Quote word for word from the line holding "This quality leather" to the last line below, including both, and omit any pictures.

Dataset extract -
Start of Block

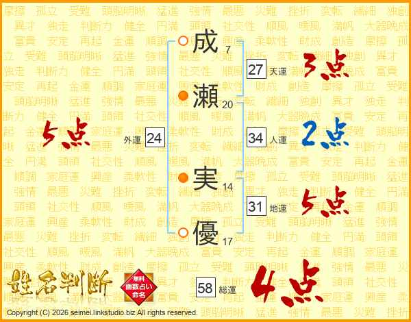 成瀬実優さんの総運は58画の4点!
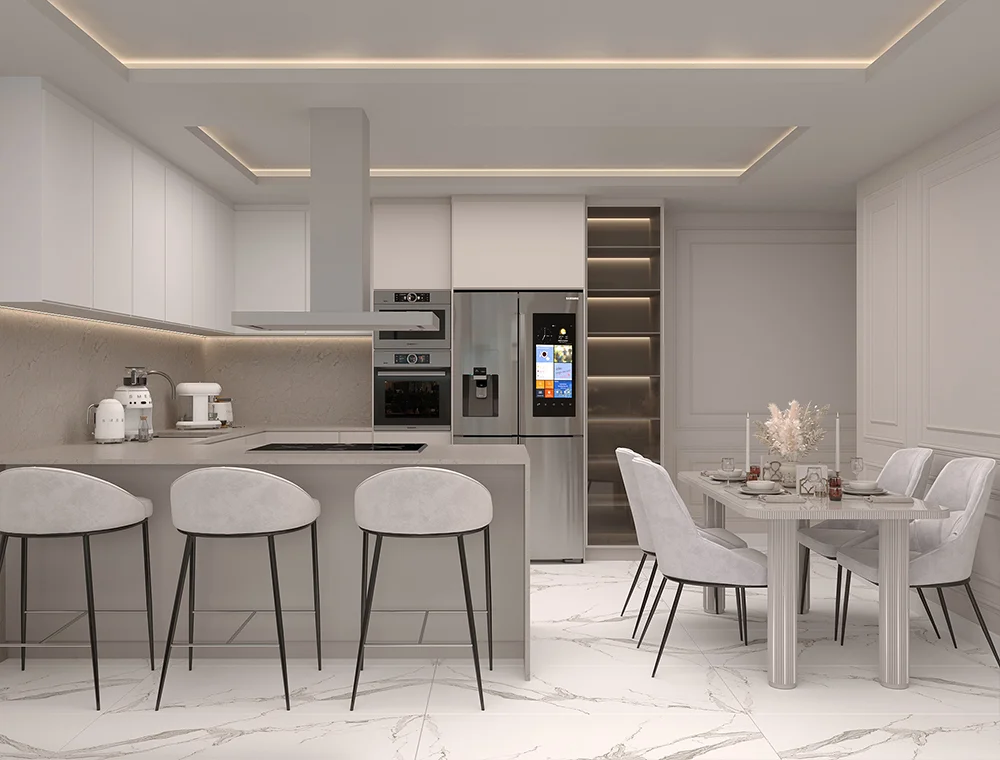 N.A. Mutfak Tasarımı, fonksiyonelliği ve estetiği bir araya getirerek mutfakta geçirilen zamanı daha keyifli ve verimli hale getiriyor. Modern, ergonomik ve kullanıcı dostu çözümlerle tasarladığımız bu alan, mutfağınızı sadece yemek pişirme değil, aynı zamanda sosyal bir yaşam alanına dönüştürüyor.
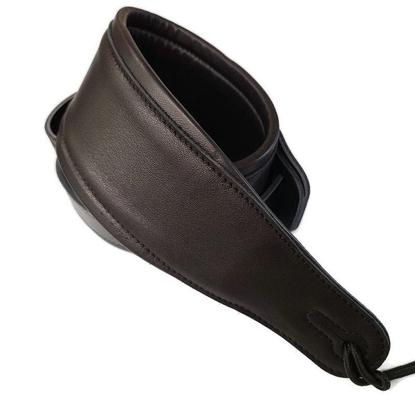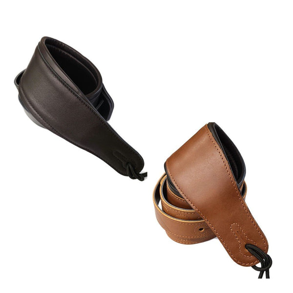This quality leather guitar/bass strap with a synthetic leather pad is comfortable and extra wide (3inches).
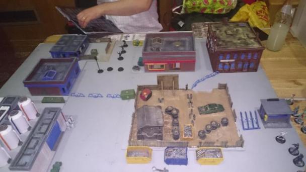 3 objectives each – Ammo and Titan (stat boost) for both of us, Loot in the centre from my opponent and from me a couple of Riddles down (they’re 2 for 1) – crazy Eddie’s dirty secrets and stash! You can use any but only your opponent’s are with points (usually). We were keen to see if the game felt sufficiently cinematic, and for scenario we got Patrol – opposite corners, a vp for first hit, 3 for ending in the opponent’s deployment. Time to play this!

End of Block

Exercise response -
This quality leather guitar/bass strap with a synthetic leather pad is comfortable and extra wide (3inches).
 3 objectives each – Ammo and Titan (stat boost) for both of us, Loot in the centre from my opponent and from me a couple of Riddles down (they’re 2 for 1) – crazy Eddie’s dirty secrets and stash! You can use any but only your opponent’s are with points (usually). We were keen to see if the game felt sufficiently cinematic, and for scenario we got Patrol – opposite corners, a vp for first hit, 3 for ending in the opponent’s deployment. Time to play this!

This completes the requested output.